* **DATA SECTION**
· · · ·

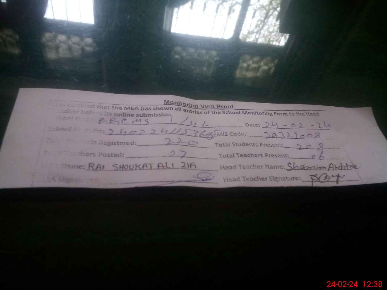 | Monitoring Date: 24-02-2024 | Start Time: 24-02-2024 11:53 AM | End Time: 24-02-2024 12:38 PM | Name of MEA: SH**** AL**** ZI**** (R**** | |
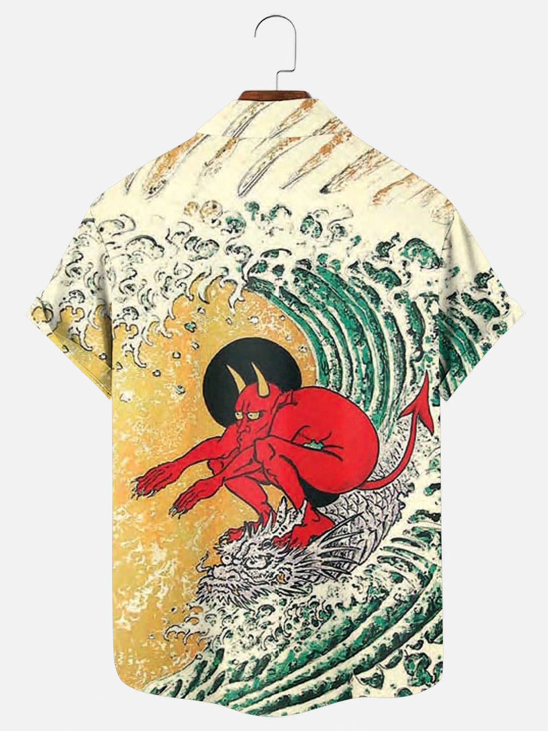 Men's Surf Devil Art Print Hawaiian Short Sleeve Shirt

· · · ·

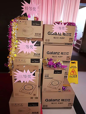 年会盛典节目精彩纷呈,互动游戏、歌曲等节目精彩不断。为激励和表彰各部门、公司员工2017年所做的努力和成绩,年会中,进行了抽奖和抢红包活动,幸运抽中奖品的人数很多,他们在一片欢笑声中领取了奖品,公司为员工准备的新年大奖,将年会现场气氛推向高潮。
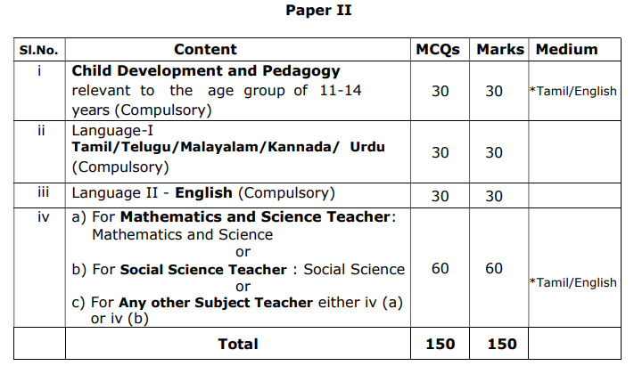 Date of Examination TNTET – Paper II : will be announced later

· · · ·

* **GOAL OF THE EXERCISE**
Return exactly the stretch above whose first line contains "年会盛典节目精彩纷呈,互动游" and whose last line contains "Date of Examination", and nothing outside it. The pictures should not appear.

* **TASK OUTPUT**
 年会盛典节目精彩纷呈,互动游戏、歌曲等节目精彩不断。为激励和表彰各部门、公司员工2017年所做的努力和成绩,年会中,进行了抽奖和抢红包活动,幸运抽中奖品的人数很多,他们在一片欢笑声中领取了奖品,公司为员工准备的新年大奖,将年会现场气氛推向高潮。
 Date of Examination TNTET – Paper II : will be announced later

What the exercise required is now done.